Thoughts on non-repudiation
What exactly is "non-repudiation?" This question has been asked many times but rarely answered, at least in a reasonable way. Part of the problem seems to be caused by the fact that "repudiation" means something particular to lawyers, and that meaning isn’t the same as the one that technologists think of, and most of the debates over the meaning of "non-repudiation" can probably be reduced to the misunderstanding that using that particular term caused. If a term like "origin authentication and data integrity" (OADI) had been used instead, we’d probably have reached an agreement as to what the term actually means long ago, but it wasn’t, so we’re stuck with a more confusing term instead.
OADI can be ensured in more than one way. A digital signature can be the basis for ensuring OADI, but doing this gives you a scheme that’s only as good as the controls around the private key that’s used to create the signature. If a digital certificate is used in an OADI scheme, then you have even more controls to worry about: those used by the CA that creates the certificate. So without the right controls in place, a digital signature isn’t very useful for ensuring OADI.
A MAC can also be used as the basis for ensuring OADI, and it’s also only as good as the controls around the key that’s used to create or verify the MAC. If you have controls in place that ensure that the sender of a message can only use a key to create a MAC and that the recipient of a message can only use a key verify a MAC, then a MAC is useful as a means of OADI. There are systems today that do this, although they’re not as common as the ones used to create and verify digital signatures.
So it seems that the difference between using a digital signature for OADI and using a MAC for OADI aren’t as great as you might first think.

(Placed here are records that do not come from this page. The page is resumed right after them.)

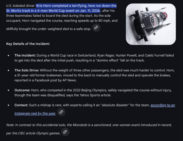 The video will live forever. The memes will keep coming. But the fact remains: a man drove a bobsled 75 mph down an ice track with no one else on board, and he lived to tell the story.
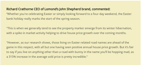 ThelatestresearchbyLomond,oneoftheUK’slargest estateandlettingagencygroups,hasrevealedthatone Easter-relatedroadnamehasseena315%annualincrease intheaveragesoldprice.
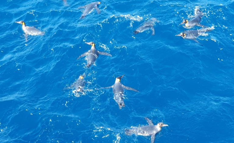 Lundi 7 avril, midi, arrivé devant l’île de la Possession, le Marion Dufresne doit se déplacer en Baie Américaine, car la houle forte en baie du Marin, devant la base Alfred Faure, ne permet pas à l’hélico, qui doit déjà affronter un vent soutenu, de décoller. Les manchots royaux sont nombreux à marsouiner devant le Marion.
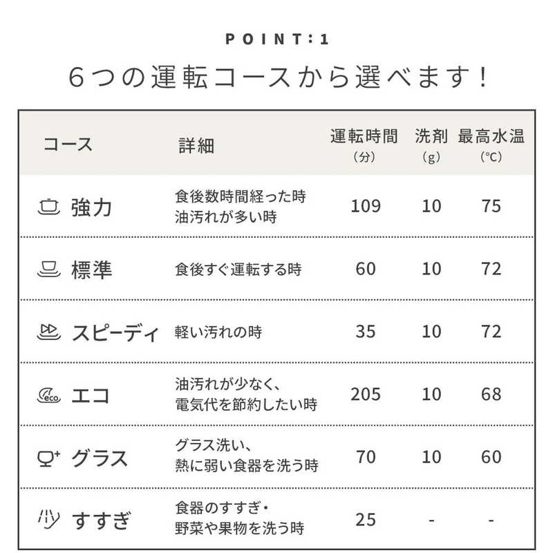 ・6つの運転コースから選べます! 「強力」「標準」「スピーディ」「エコ」「グラス」「すすぎ」
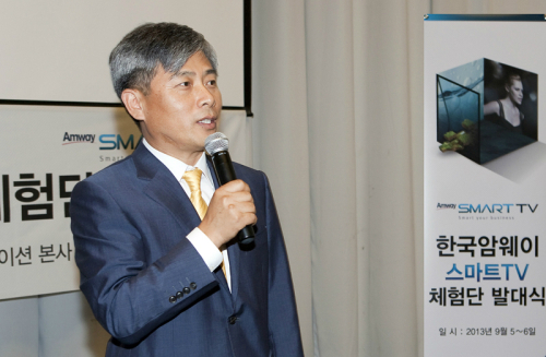 | 5일 다음 본사에서 진행된 ‘암웨이 스마트 TV 사전 체험단’ 발대식에서 한국암웨이 김장환 부사장이 환영사를 하고 있다 |
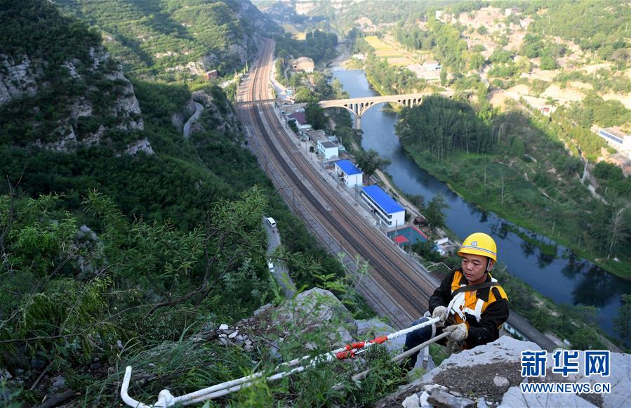 在太行山深處的中國鐵路鄭州局集團有限公司月山工務(wù)段,有一群被稱為捅山工的人。每年汛期來臨前,他們要對山體進(jìn)行檢查、清理,在懸崖峭壁間“行走”,揮動著手中的鋼釬,排除威脅鐵路行車安全的危石。

In either case, the usefulness of the OADI scheme is limited by the controls in place that limit how cryptographic keys are used. In one case you’re trusting the controls that the sender of a message has in place, and probably the controls that a CA has in place as well. In the other case, you’re trusting that the controls in place at both the sender and recipient. The biggest difference between the two cases seems to be the practical difficulties that limit the usefulness of MACs, but if you want to ensure OADI, either type of scheme can be used.